Before we start with the verification of the IC we need some additional definitions. A finite state computational system, e.g. a Statemate specification, can be represented as a Kripke structure. It contains a finite state transition graph with nodes labeled with atomic propositions that are valid in this node. These atomic propositions would refer to individual memory bits in a software system. If we unwind the state transition diagram we obtain a computation tree with potentially infinite branches.
A computation tree over the set of atomic propositions P can be characterized by the temporal logic called CTL. Its syntax is inductively defined as shown on this slide. The temporal aspects of the execution paths originating in the given state can be characterized by the Path quantifiers Exists and All combined with the temporal modalities Next and Util, finally, and globally.
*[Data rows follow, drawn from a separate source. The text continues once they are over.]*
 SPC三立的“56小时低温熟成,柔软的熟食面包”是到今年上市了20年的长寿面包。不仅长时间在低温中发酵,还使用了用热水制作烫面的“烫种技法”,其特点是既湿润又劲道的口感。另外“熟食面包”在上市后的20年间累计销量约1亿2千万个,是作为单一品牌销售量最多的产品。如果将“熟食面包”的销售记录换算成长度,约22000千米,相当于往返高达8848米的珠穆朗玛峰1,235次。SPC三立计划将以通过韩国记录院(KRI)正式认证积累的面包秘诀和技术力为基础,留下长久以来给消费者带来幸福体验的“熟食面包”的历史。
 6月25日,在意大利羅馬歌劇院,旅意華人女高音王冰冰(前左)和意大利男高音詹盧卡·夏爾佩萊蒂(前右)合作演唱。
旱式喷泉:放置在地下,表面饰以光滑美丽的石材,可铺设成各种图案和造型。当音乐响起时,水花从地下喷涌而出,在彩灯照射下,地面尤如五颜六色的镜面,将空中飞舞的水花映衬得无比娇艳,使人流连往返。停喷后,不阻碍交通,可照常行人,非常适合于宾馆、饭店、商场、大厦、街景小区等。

The modality Finally is used in a sense that some property holds eventually. Globally means that a property holds in every state of a path.
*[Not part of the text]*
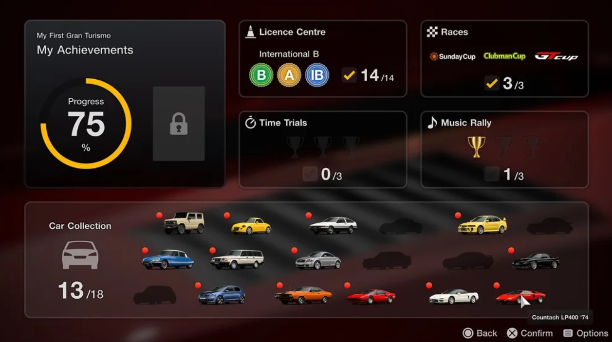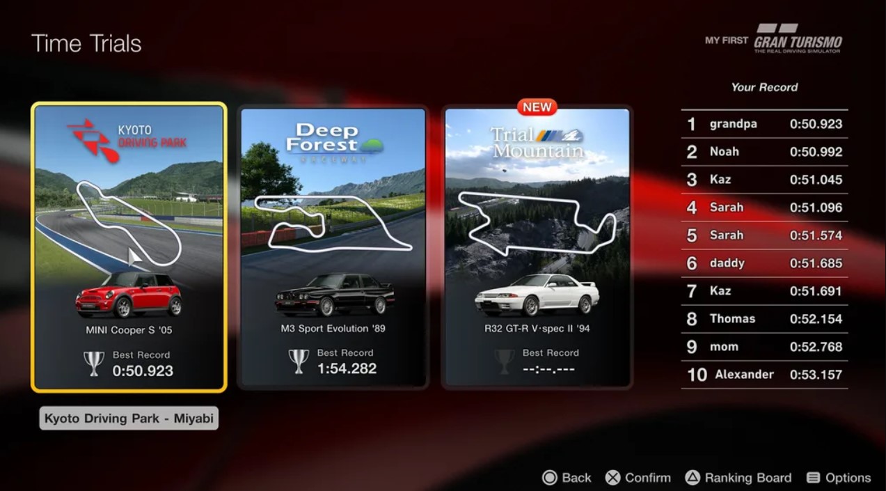 W zestawie znajduje się 18 unikalnych samochodów, z których każdy ma swój własny charakter. Gracze będą jeździć nimi po kultowych torach, które niektórzy weterani Gran Turismo mogą uznać za nostalgiczne, a mianowicie Kyoto Driving Park, Deep Forest Raceway i Trial Mountain Circuit.

Explicit model checking is a rather simple recursive algorithm with the quadratic run-time. There are heuristic solutions using ordered binary decision diagrams as in the Statemate's symbolic model checker. Other model checkers use SAT solvers.
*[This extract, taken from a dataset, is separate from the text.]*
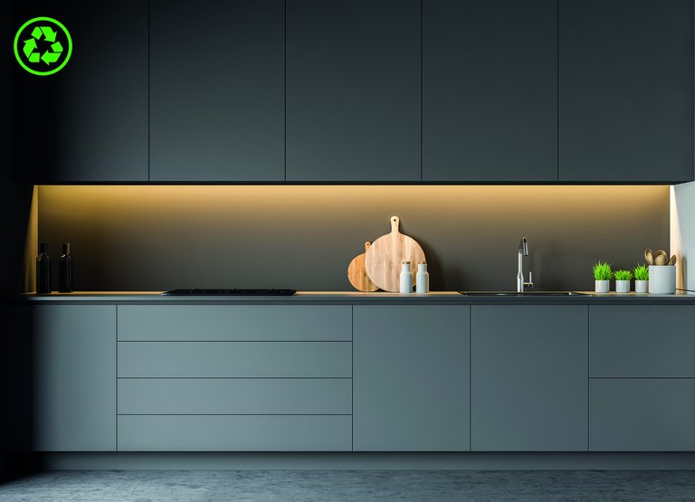 All components are REACH-compliant and phthalate-free, and the finish coatings contain no solvents and are classified as low-emission. However, it is the source materials and manufacturing processes that really make a difference in terms of sustainability. It is now common practice in the manufacture of many PET, PVC and TPO films to recycle production waste (post-industrial recycling). For skai rPureLux 2D soft, Continental also uses so-called post-consumer raw materials, in this case recyclate from used PET bottles. In addition, the manufacturing processes are energy-optimized and certified according to ISO 50001, and raw material procurement, production and finishing take place locally or regionally. The energy required for the furniture foil comes from carbon-neutral sources.

To provide recovery guarantees all Pcoms such as client and server components need to be equipped with logging and recovery capabilities. Unlike database systems, we do not want and do not need to enable undo. Components are piecewise deterministic, they execute deterministically between two consecutive non-deterministic events such incoming messages from other components or reading the system clock. SO, logging of nondeterministic events turns piecewise-deterministic components into truly deterministic ones. We can recreate Pcom's state and messages by simply replaying the log from some initial state. To accelerate the deterministic replay the component needs to truncate the log on a regular basis. before doing this it has to dump its current state to disk. We call such state dumps "installation points". Out failure model includes crashes of the sending and receiving components as well as network failures causing message losses. Such transient failures are due to nondeterministic so-called Heisenbugs that are impossible to reproduce to take them out. We do not consider malicious manipulations called commission failures. And we do not deal with the corruption of stable storage as this can be avoided by a sufficient replication.